Enjoy kabuki, a traditional performing art handed down since the Edo period,
in a private space
Kabuki, part of Japan’s intangible cultural heritage, was born 400 years ago (Edo period) at the same time as when Shakespeare was born in England, and when opera was established in Italy.Ka in Chinese character represents music, bu represents dance, and ki represents acting.Kabuki was a form of modern play during the Edo period, and instantly gathered incredible popularity among the locals.Because kabuki was a play made up of audiences that were common people, irrespective of age or gender, it incorporated modern manners and customs of the time so that it could be understood easily by anyone.
In the kabuki plan, we have provide plenty of time for a workshop on how kabuki actors are made; actors themselves will show and explain the process of their makeup and costumes.After the preparation, the kabuki actors will perform a kabuki dance of your choice from below.
Explain the history of Kabuki in advance and ask customers to know about Kabuki while repeating questions and answers.
Also, I will explain about the dance you are dancing on the day and tell you to deepen your understanding of the contents of the performance even a little.
You can actually see make-up and Kumaki, and you can see how the Kabuki actor changes.
Also, see the place where kimono-specific kimono is dressed, and we will show you how the Kabuki actor is completely transformed.
In the demonstration, you can feel a lot of power because you can see the performance at a very close distance to the customer.
You can also enjoy dancing while having a meal.
Finally, it is possible to take a commemorative photo individually with the Kabuki actor.
You can take a free pose and make it a precious memory.
Watch the Kagamijishi, one of the most popular performances in kabuki.
A luxurious plan which you can watch from the costuming in magnificent stage outfits to the kabuki dance that captures the best essence of dramas.
This drama captures a popular, classic kabuki character named Sukeroku approaching (entering the scene) in front of the latticework of Miuraya in a dance form.

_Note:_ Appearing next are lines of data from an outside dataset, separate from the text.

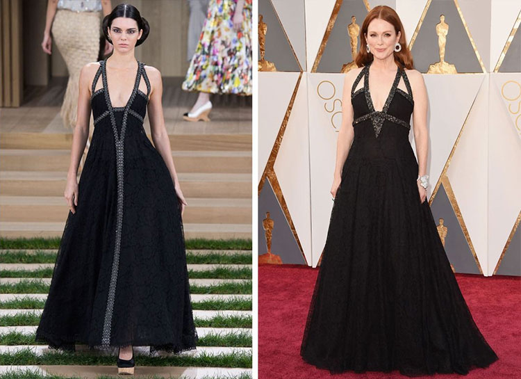 Moore’s lacy black gown was a modified version of one that Kendall Jenner wore on the Chanel runway, removing the encrusted stripe going down the center and pairing it with a wrist cuff and statement earrings. In this case, we prefer Moore’s version! (Photos: Getty Images)
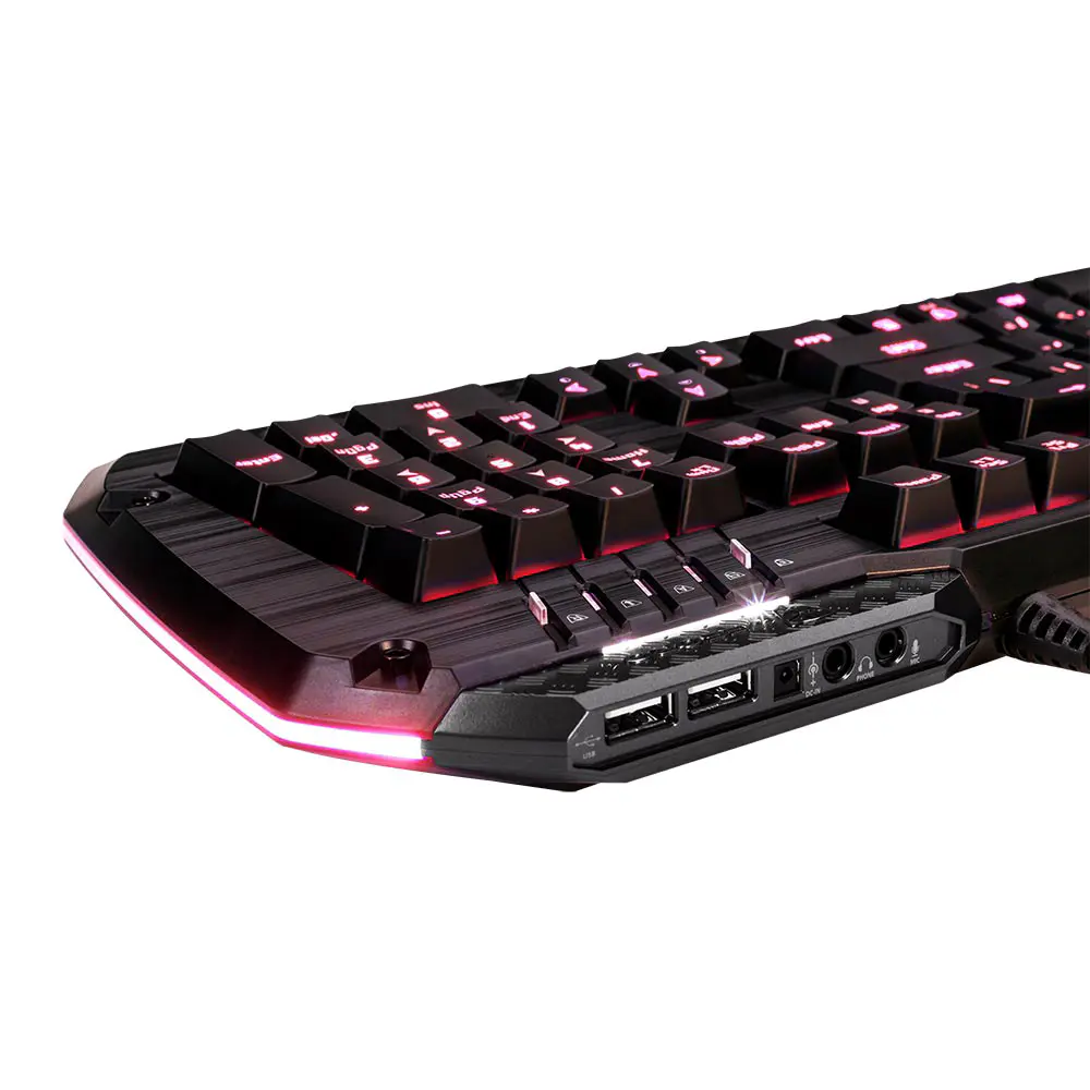 The Lobera Spectrum comes with a pass-through hub with audio/mic jacks and 2x USB 2.0 ports with a DC-in jack allowing gamers to charge their smart phones and tablets directly through the keyboard.
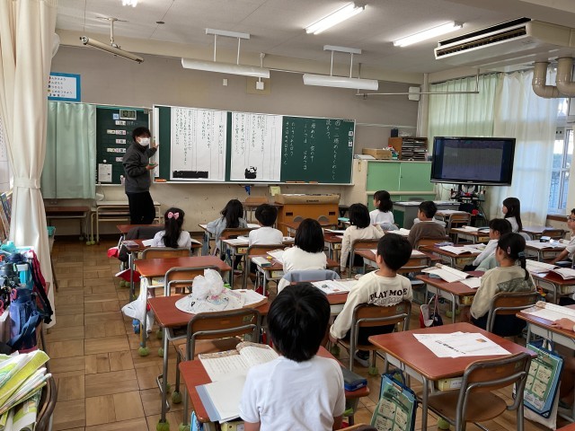 単元計画や場面ごとに学んだことを、壁面にはり、いつでも学びが振り返られるようにしています。
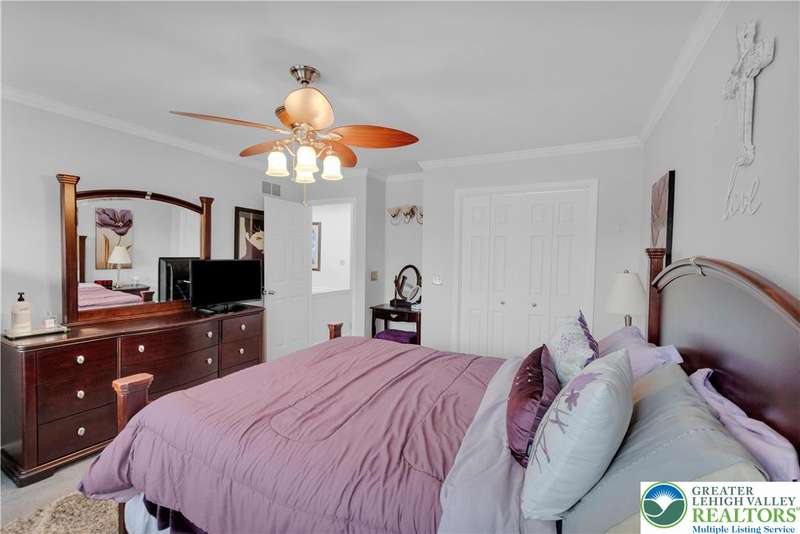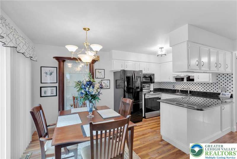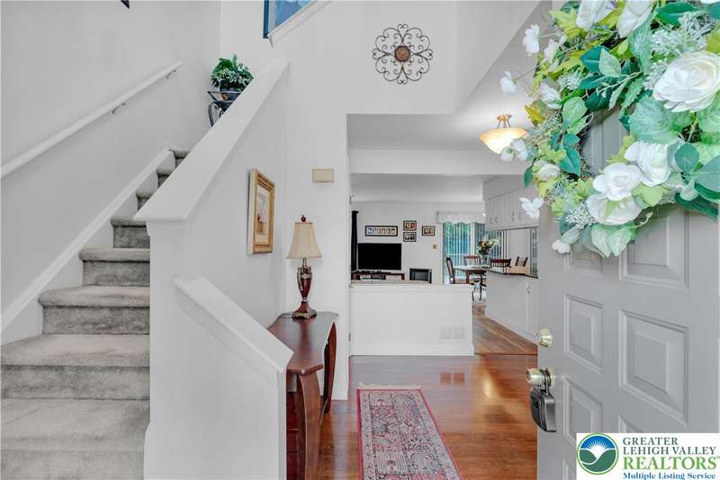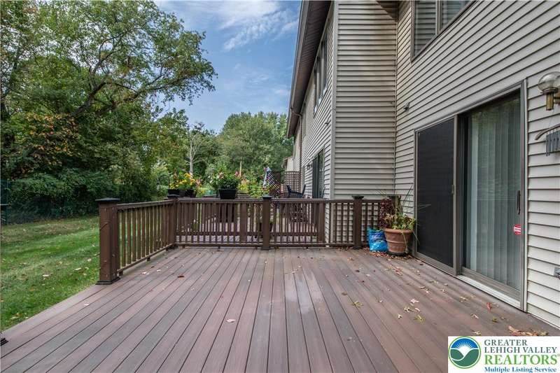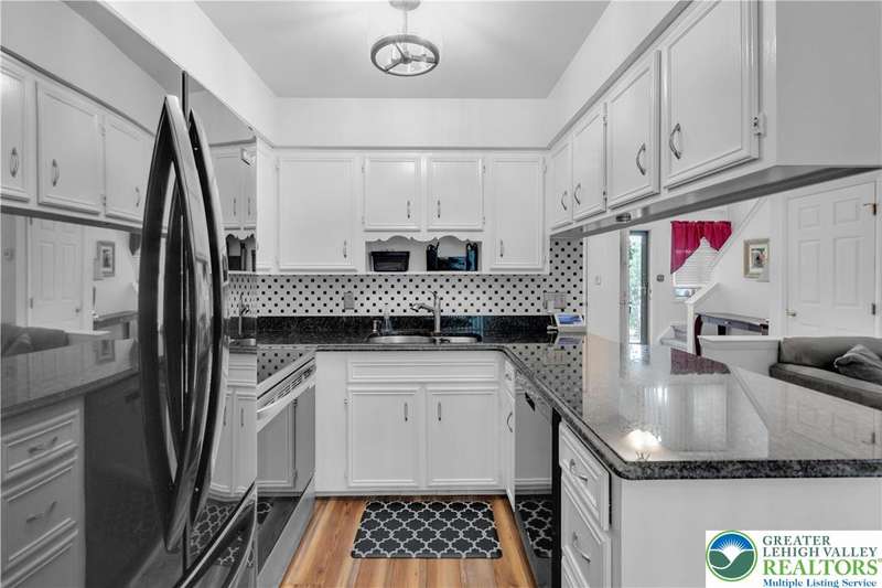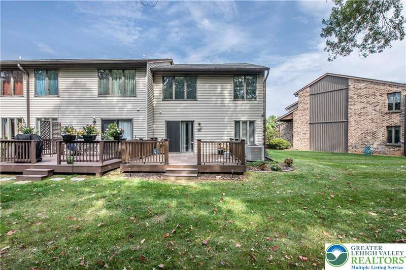 Affordable End Unit town home in Bethlehem's Eagle Trace community is now available. This well maintained home has 3 bedrooms, 1.5 baths, finished basement, one car garage and a large Trex Deck for outdoor enjoyment. The first floor features an open foyer with hardwood floors, a nicely updated eat in kitchen with granite counters, cozy living room off the kitchen and large half bath. The second floor has three bedrooms and an updated full bath with a double sink vanity and custom multiple shower head options installed. The finished basement has plenty of extra living space as well as the laundry room. New roof and driveway in 2025! This home is move in ready and in a great Bethlehem location close to shopping, schools, highways and more.
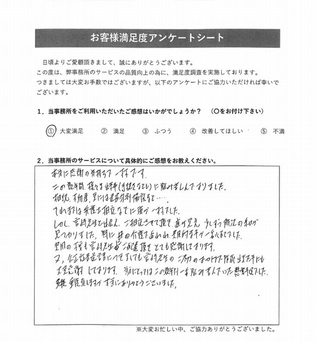 突然の「遺言書検認申立」の連絡以降、音信不通だった被相続人の死亡確認等で精神的にも厳しい状態下、想定されるリスクにつき、専門家として適切なアドバイスを下さり、また、相続放棄に必要な書類の丁寧な説明を頂き、無事に期限内に手続を完了出来ました。本当にありがとうございました。
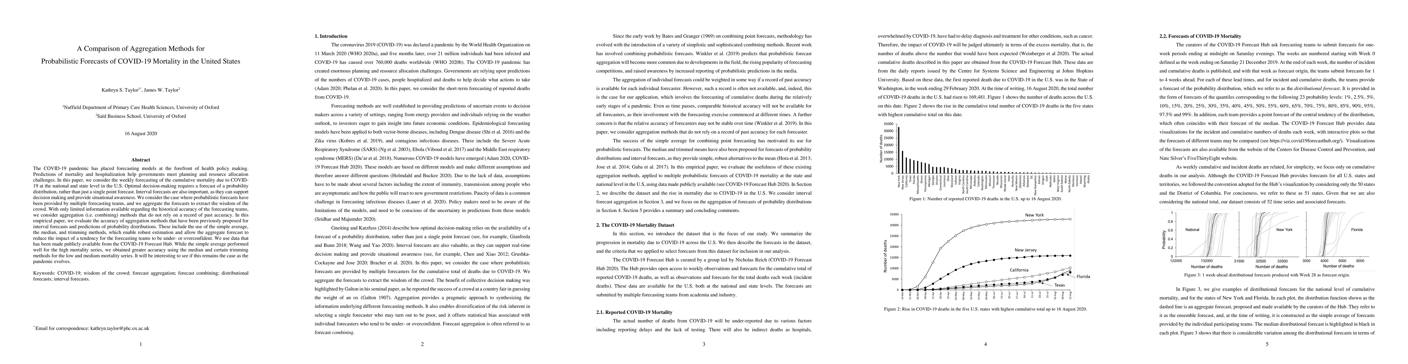This paper evaluates various aggregation methods for combining probabilistic forecasts of COVID-19 mortality in the U.S., finding that while simple averages are effective for high mortality regions, the median and trimming methods yield better accuracy for lower mortality areas. The study emphasizes the importance of interval forecasts in supporting health policy decisions.
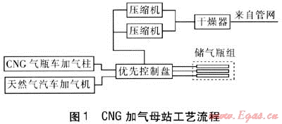 CNG加氣母站主要設(shè)備包括脫水裝置、壓縮機(jī)、優(yōu)先控制盤、儲(chǔ)氣瓶組、加氣柱、加氣機(jī),其他設(shè)備還包括進(jìn)站調(diào)壓計(jì)量裝置、空壓機(jī)等,有的加氣站還自備發(fā)電設(shè)備[3]。
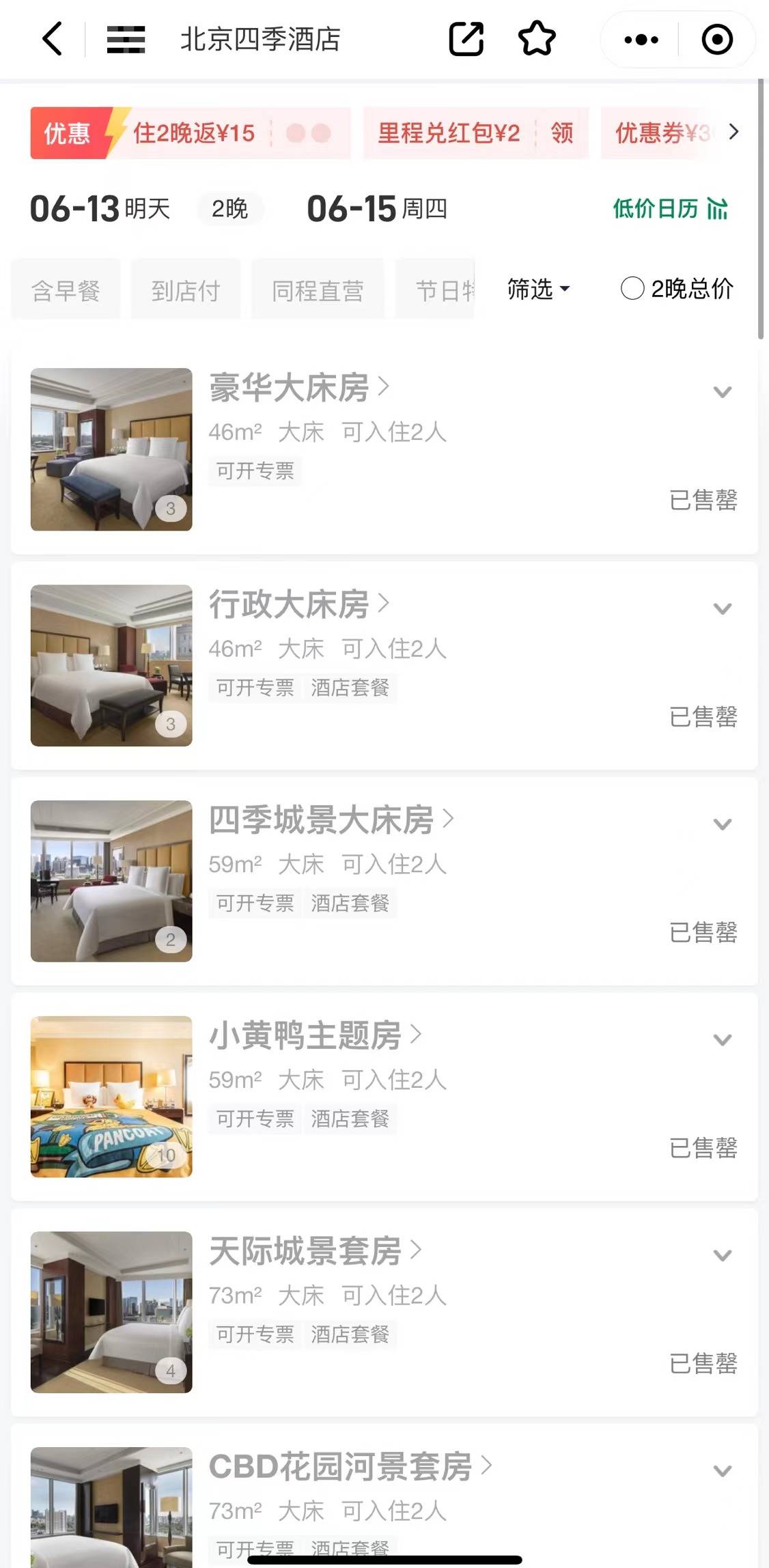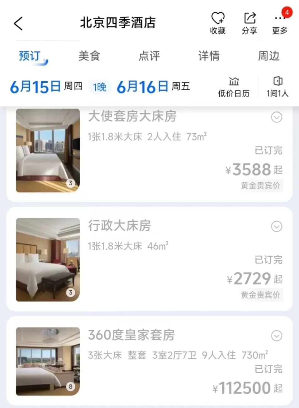 據(jù)媒體報道,6月6日,梅西等一眾阿根廷隊員下榻的北京四季酒店,在6月13日-6月15日房源僅剩小王子主題套房,但標價已漲至8738元,倘若僅預(yù)訂6月15日比賽當(dāng)天的房間,標價則顯示為12888元。

Opposed to the classic Sukeroku that is usually performed in a Kato-bushi (a style of music that consists of a story), the dance style Sukeroku is performed in Nagauta (a style of music that depicts the scene).
The first performance was showcased at the Nakamura-za by the fourth generation Utaemon Nakamura as one of the eight transformations.It vividly depicts the glorious and free nature of Sukeroku through rough and soft textures.
This performance depicts a precocious town girl loitering around on the way from the Terakoya (temple elementary school), running after a butterfly under the tranquil spring sun.A girl who still has her kimono hemmed, dancing like a good adult brings out more of her innocence.Your heart will be captured by the lovely, delicate dance of a transition phase between a child and an adult.
The first performance was at the Kawarasaki-za in 1792 as one of the seven transformations called Kakitsubata Nanae no Soeginu, which later became known as the Tenaraiko.
Watch how kabuki actors are made
Watch how the performers transform into kabuki actors, as a part of the backstage access which can never be seen in theaters.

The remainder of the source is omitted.